I laughed. "Okay.... That's not right. What I mean is that it is a crazy mix of pain and excitement. A mad, mad rush. I love it and hate it. I could live without it, b
ut I don't want to." I paused. "And you?"
"All those things and more," she replied. "Because it's me, you know. You’re hearing about it, and watching it sometimes. But I’m doing it. And I'm so vulnerable and exposed. Exciting. Satisfying. But terrifying, and I could never do it if you weren't there to rescue me."
"I think you could."
"Not in the same way."
Another pause.
"I worry about losing you."
"Never."
"About you surrendering too much and becoming lost," I explained.
She seemed confused.
I tried to probe my own thoughts.
"The tattoos," I said finally. "That's... permanent."
She nodded. "You know he... they weren't really Brian's idea."
I tilted my head. "No?"
"Don't get me wrong, he liked them." Her grin hinted at the understatement. "But they were my idea. Do you hate them?"
I thought about the rose by her pussy, the devil on her shoulder and I thought again about mixed-motives. I didn't need to probe further to know they had multiple meanings. That they made her feel naughty. That she liked how they looked. That she knew they'd make me crazy. That she knew they'd make Brian extra hard. A nice reminder of how complex she was.

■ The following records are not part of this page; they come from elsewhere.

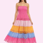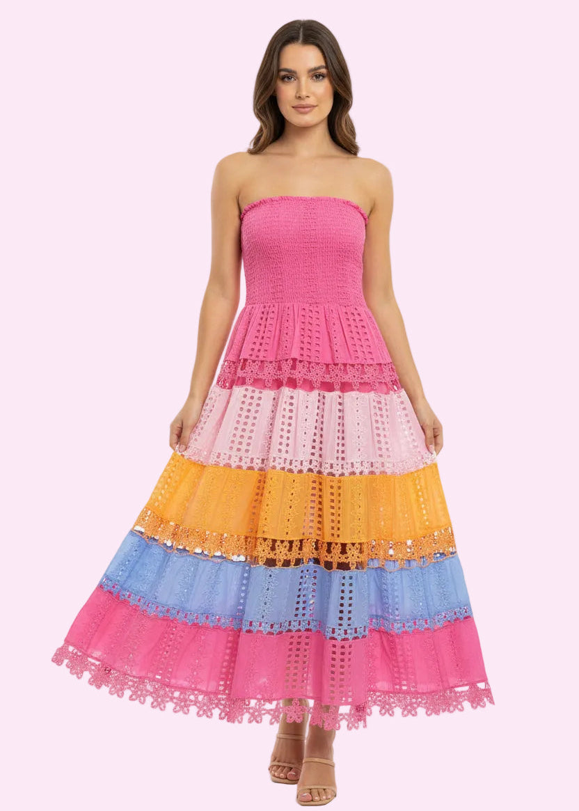 Beat the heat without sacrificing style in this ESCAPE TO PARADISE COLORBLOCK EYELET DRESS. The strapless silhouette features a fitted smocked bodice and soft cotton-blend fabric adorned with delicate embroidered eyelets and scalloped crochet lace trim. A midi cut with half lining ensures all-day comfort and movement. Throw on your favorite sandals and some bold jewelry, and you're ready to turn heads at every warm-weather occasion.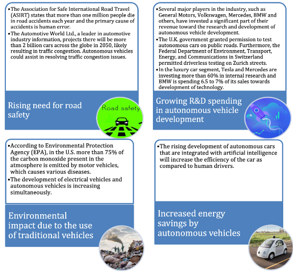Autonomous vehicles are a key innovation in the automotive industry; however, the potential impact with respect to the uptake remains indistinct. The development of supportive regulatory framework, government funding, and investment in digital infrastructure are expected to play a key role in positively impacting market growth. Growth across the mobility service sector may provide an impetus to the growth of the autonomous car market. North America is expected to witness significant growth owing to the amendment in the traffic regulation in the U.S. to incorporate autonomous cars on public roads.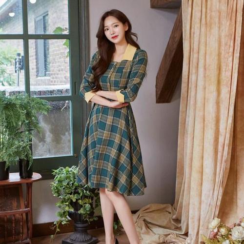 [오너클랜]인기상품 미스개화기 그린 체크 벨트 원피스 레트로 복고의상 [WAD337D_250918]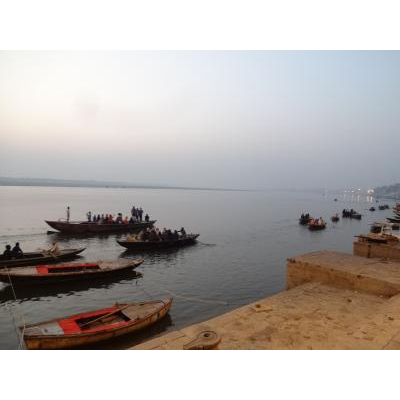 11月下旬に行き、日の出前から2時間ほどボートに乗りました。バラナシは昼間は暖かかったので、早朝とはいえダウンを着て行くかどうか迷いましたが、結果的には着て行って大正解でした。日が昇れば暖かくなるかと思いきや、ボートの上で爽やかな風に吹かれ続けたために時間を経るごとにどんどん体が冷えていきました。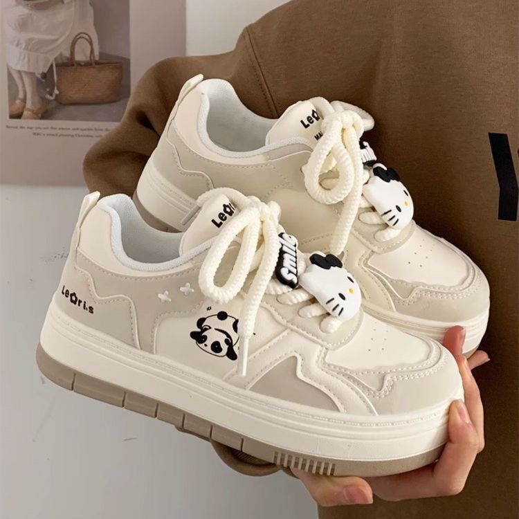 2025春季爆款熊猫黑白丑萌小白鞋子女厚底百搭休闲学生板鞋运动鞋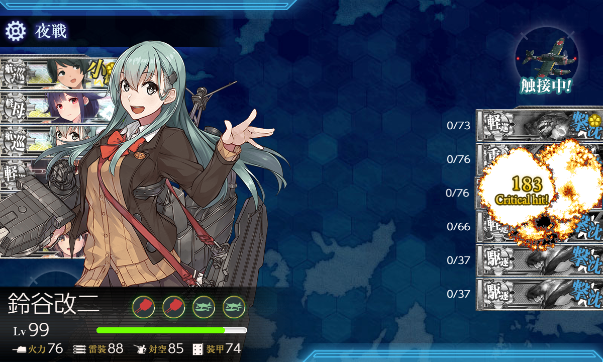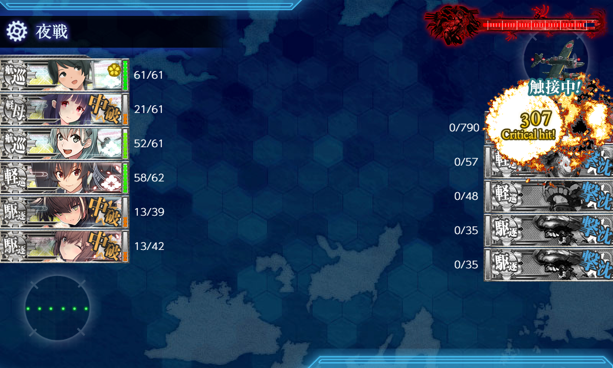 反航戦なのもありますがこっちの火力が通らず昼戦ENDならず 夜戦で最後は鈴谷。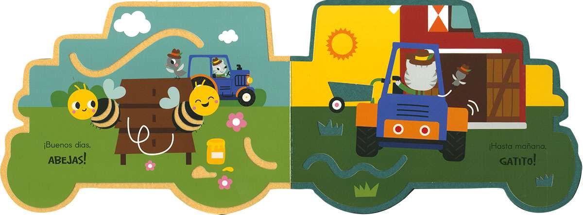 Sigue la ruta del tractor pasando el dedito por el camino de fieltro, y saluda a todos sus amigos mientras sientes la textura de este precioso libro troquelado. Con sus simpáticas ilustraciones, ¡este libro infantil te hará viajar con la imaginación!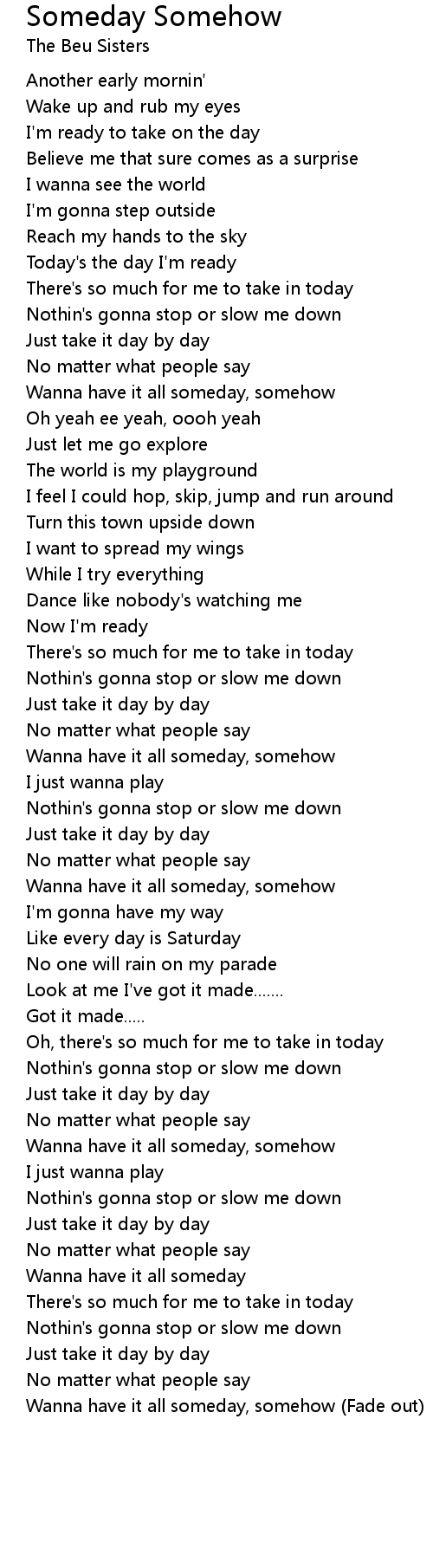 Wanna have it all someday, somehow |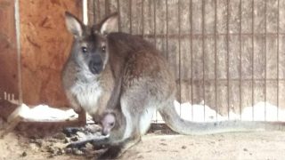 なんと。 ベネットワラビーの赤ちゃんが誕生しておりまして。
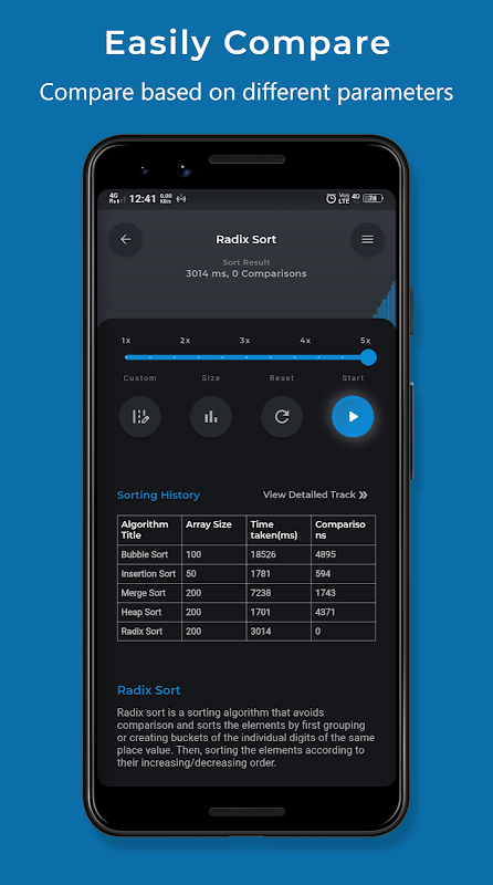 Sorting Visualizer zur Visualisierung verschiedener Sortieralgorithmen mit detaillierten Informationen.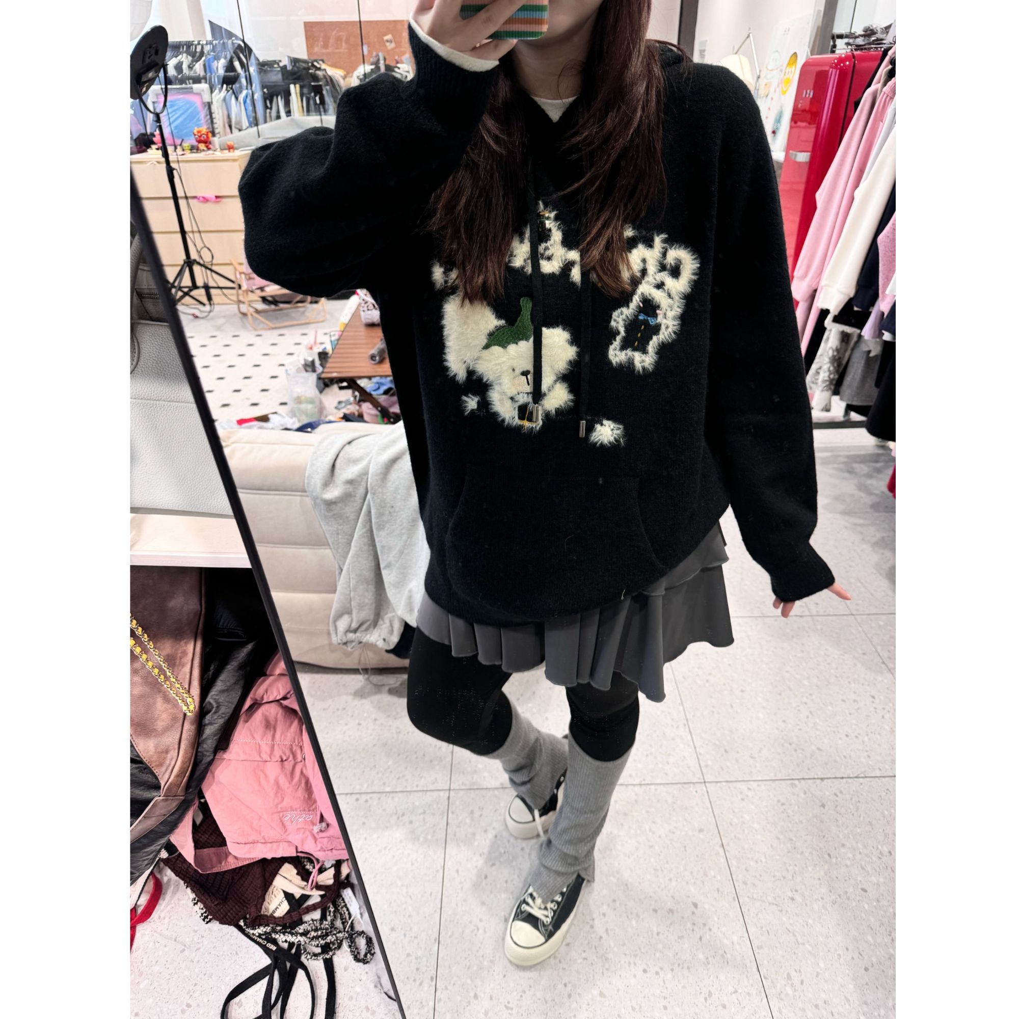 25AW上新 蕾蕾同款【圣诞家族】胸前圣诞图案宽松连帽针织毛衣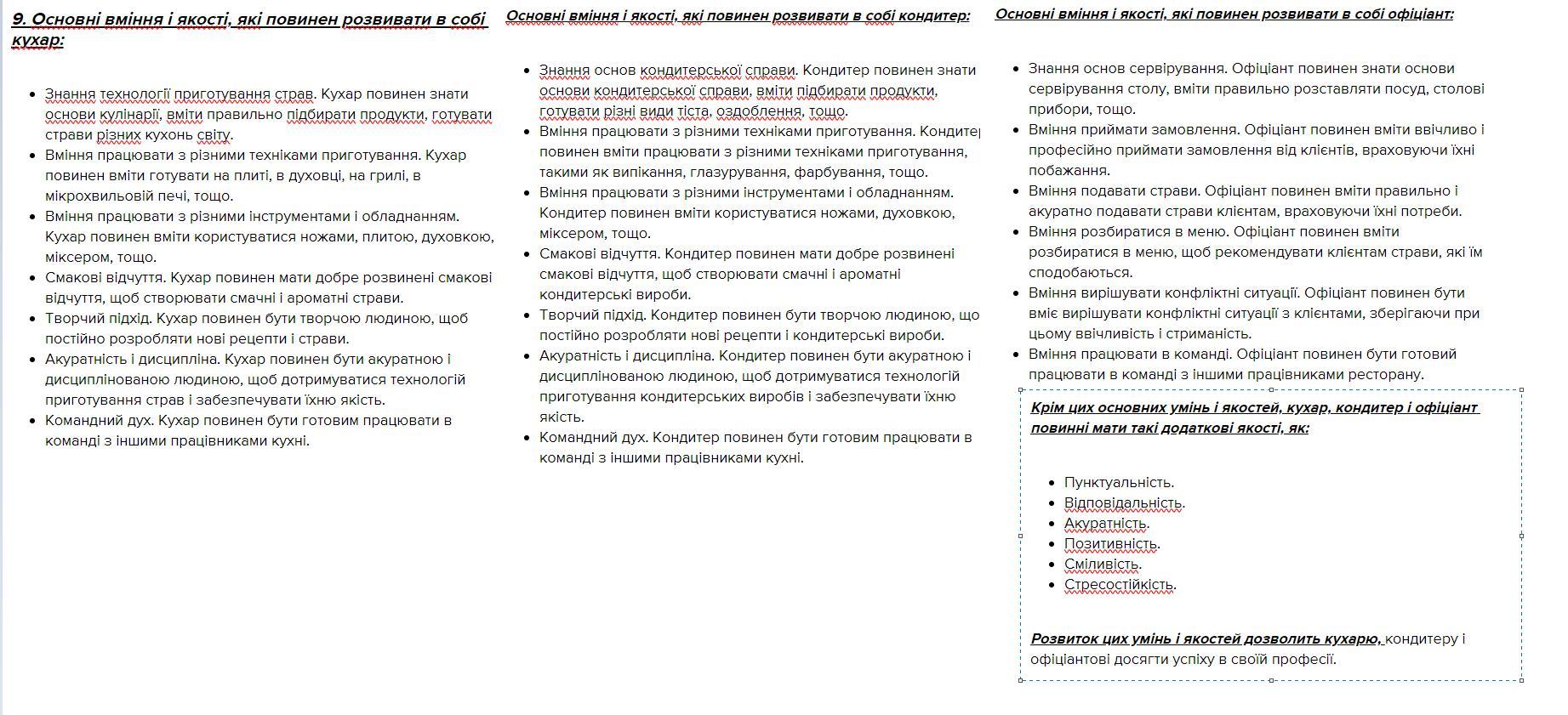 1. Розкрийте різницю понять «мораль» і «аморальність» 2. Розкрийте основні правила ефективного спілкування. 3. Обгрунтуйте важливість знань про основні типи поведінки людей для забезпечення ефективності ділового спілкування. 4. Назвіть засоби спілкування та схарактеризуйте їх. 5. Обгрунтуйте значення взаєморозуміння для ділових відносин. 6. Поясніть переваги гнучкості для досягнення взаєморозуміння та мети спілкування. 7. Дати визначення поняттю «конфлікт». Назвати причини виникнення конфліктів на підприємстві та шляхи його подолання. 8. Що таке імідж? Назвіть складові позитивного іміджу ділової людини. 9. Назвати основні вміння і якості, які повинен розвивати в собі кухар, кондитер, офіціант.
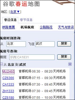 谷歌春运地图还提供了机场航班查询:可以航班搜索和班次查询,并可查看航班所在的机场航站楼信息。今年谷歌地图与酷讯旅游合作,提实时的铁路和民航相关路线和票务信息。如果用户想进一步了解车次信息可点击进去查询,就进入了酷讯旅游网站。

"No. They're... right for you."
We each took a sip of wine.
Then, she spoke: “But… Bill… I’m still not sure I understand where we stand. What changed?”
I paused. I’d been trying to work it through as well, but my answers were disjointed. And then it occurred to me, that’s okay.
“You have fantasies you can’t control, and living them makes you happy, and I want you to be happy. I have fantasies I can’t control either, and for better or for worse, our fetishes are mutually reinforcing. The thing is, I don’t like to be humiliated. At least… not in public. I guess, I do sort of like that feeling that another man is fucking my woman better than I can. I just… I just don’t want him to tell me that. And also, I guess, I wanted reassurance that, in the back of my mind, it wasn’t that another man could fuck you better than I could, but rather that he could fuck you better than I was willing to.”